More generally, stats/ML inferences run into trouble when the training data doesn't match the intended use. These mismatches can be incredibly subtle:
- In Kaggle competitions on medical data, there have often been nominally-irrelevant variables that correlate tightly with the outcome of interest (e.g. one piece of equipment was primarily used to scan healthy patients and another was used primarily to scan sick ones)
- Along similar lines, the twitter rant that Casey mentioned talked about the importance of distinguishing between crimes committed & crimes detected by potentially-biased cops.
- This isn't medical, but it's a great: Tom White ("dribnet" on Twitter) has a lot of examples where facial expression data is correlated in odd ways with things like head orientation & gender. He's had to put in a lot of effort making it so that adding a smile to a photograph doesn't also make the face more feminine and move the face around. More recently, he pointed out a case where a model basically concluded that zebras are striped horses that live on brown grass instead of green grass & talked about the implications for cases w/ human data.

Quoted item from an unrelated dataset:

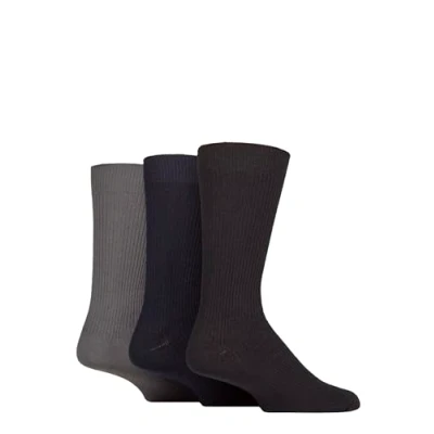 Mens 3 Pair Glenmuir Laird Cotton Ribbed Trouser Socks Black / Navy Grey 7 11

I have lots more to say about this sort of thing, but I think I'll stop here for now. Hope some of it's useful. Let me know if you have any questions about my examples or if you're looking for something else.

traversc commented 7 years ago

@cgreen @davharris:

I found an article discussing difference in opioid prescription based on ethnicity. If you think it's a good example, I can write a short summary for the introduction section.

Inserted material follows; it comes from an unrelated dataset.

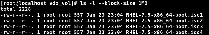 - For this purpose, I add a RHEL-7.5-x86_64-boot.iso file to the vdo_vol device on the /vdo_vol mountpoint.

http://ajph.aphapublications.org/doi/abs/10.2105/AJPH.93.12.2067

PS: apologies for the deleted comment... we frequently upload things to our lab group github, so I'm often logged into the wrong account.

agitter commented 7 years ago

@davharris covered some of the examples that I had in mind when I left the comment in #297 (and more). Kate Crawford has written about these and related examples, and her NYT article could serve as a reference.

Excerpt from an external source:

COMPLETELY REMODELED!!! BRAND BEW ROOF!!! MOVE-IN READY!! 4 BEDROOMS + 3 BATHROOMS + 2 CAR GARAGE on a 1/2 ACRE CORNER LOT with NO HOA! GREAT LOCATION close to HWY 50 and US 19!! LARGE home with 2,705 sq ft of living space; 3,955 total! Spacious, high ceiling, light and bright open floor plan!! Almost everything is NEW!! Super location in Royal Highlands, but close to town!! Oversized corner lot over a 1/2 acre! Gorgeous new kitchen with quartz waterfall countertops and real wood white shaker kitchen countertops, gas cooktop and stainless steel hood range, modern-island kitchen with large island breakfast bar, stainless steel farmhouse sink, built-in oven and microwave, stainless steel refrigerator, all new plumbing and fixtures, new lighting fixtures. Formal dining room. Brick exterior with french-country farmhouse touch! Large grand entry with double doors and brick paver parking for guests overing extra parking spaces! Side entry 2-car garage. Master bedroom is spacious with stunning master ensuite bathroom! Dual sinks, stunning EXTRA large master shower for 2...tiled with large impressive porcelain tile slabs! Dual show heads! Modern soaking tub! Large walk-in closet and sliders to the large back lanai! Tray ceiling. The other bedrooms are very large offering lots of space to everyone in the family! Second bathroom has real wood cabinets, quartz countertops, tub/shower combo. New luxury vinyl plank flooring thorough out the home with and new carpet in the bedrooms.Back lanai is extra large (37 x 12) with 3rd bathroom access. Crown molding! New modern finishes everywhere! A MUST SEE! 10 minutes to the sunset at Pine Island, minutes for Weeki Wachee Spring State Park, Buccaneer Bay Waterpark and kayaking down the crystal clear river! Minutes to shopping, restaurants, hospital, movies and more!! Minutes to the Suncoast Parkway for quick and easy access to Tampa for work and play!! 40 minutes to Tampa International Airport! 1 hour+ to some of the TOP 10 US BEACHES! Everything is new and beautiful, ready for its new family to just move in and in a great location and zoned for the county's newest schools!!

agitter commented 7 years ago

A new relevant paper is Semantics derived automatically from language corpora contain human-like biases with an accompanying discussion

cgreene commented 7 years ago

@davharris : This seems to be a topic that you're knowledgeable on. Thank you for contributing your knowledge thus far. Do you want to write a paragraph touching on this? If so, we'd love to have you contribute as a coauthor. If not, I can write based on the materials that you compiled.

davharris commented 7 years ago

Here's what I have. I'd open a PR for it myself, but it looks like the repository has a lot of structure (especially involving references) that I don't want to break.

Research samples are frequently non-representative of the general population of interest; they tend to be sicker [@doi:10.1086/512821], more male [@doi:10.1016/j.neubiorev.2010.07.002], and more European in ancestry [@doi:10.1371/journal.pbio.1001661]. One well-known consequence of these biases in genomics is that penetrance is consistently lower in the general population than would be implied by case-control data, as reviewed in @doi:10.1086/512821. Moreover, genetic associations that hold in one population may not hold in other populations with different patterns of linkage disequilibrium [even when population stratification is explicitly controlled for; @doi:10.1038/nrg2813]. As a result, many genomic findings are of limited value for people of non-European ancestry[@doi:10.1371/journal.pbio.1001661]. Methods have been developed for mitigating some of these problems in genomic studies [@doi:10.1086/512821; @doi:10.1038/nrg2813], but it is not clear how easily they can be adapted for deep models that are designed specifically to extract subtle effects from high-dimensional data. For example, differences in the equipment that tended to be used for cases versus controls have led to spurious genetic findings [e.g. @10.1126/science.333.6041.404-a]; in some contexts, it may not be possible to correct for all of these differences to the degree that a deep network is unable to use them. The availability of such nominally-irrelevant but highly-predictive data features, or of features whose value would ordinarily be known after the machine learning task is complete, is called "leakage" [@doi:10.1145/2382577.2382579]. When leakage is severe, our models may say more about the way the data was collected than they say about anything of scientific or predictive value, with potentially disastrous policy consequences [@doi:10.1111/j.1740-9713.2016.00960.x]. @doi:10.1145/2382577.2382579 discuss some ways in which leakage and its effects can be controlled, but the problem is far from being solved.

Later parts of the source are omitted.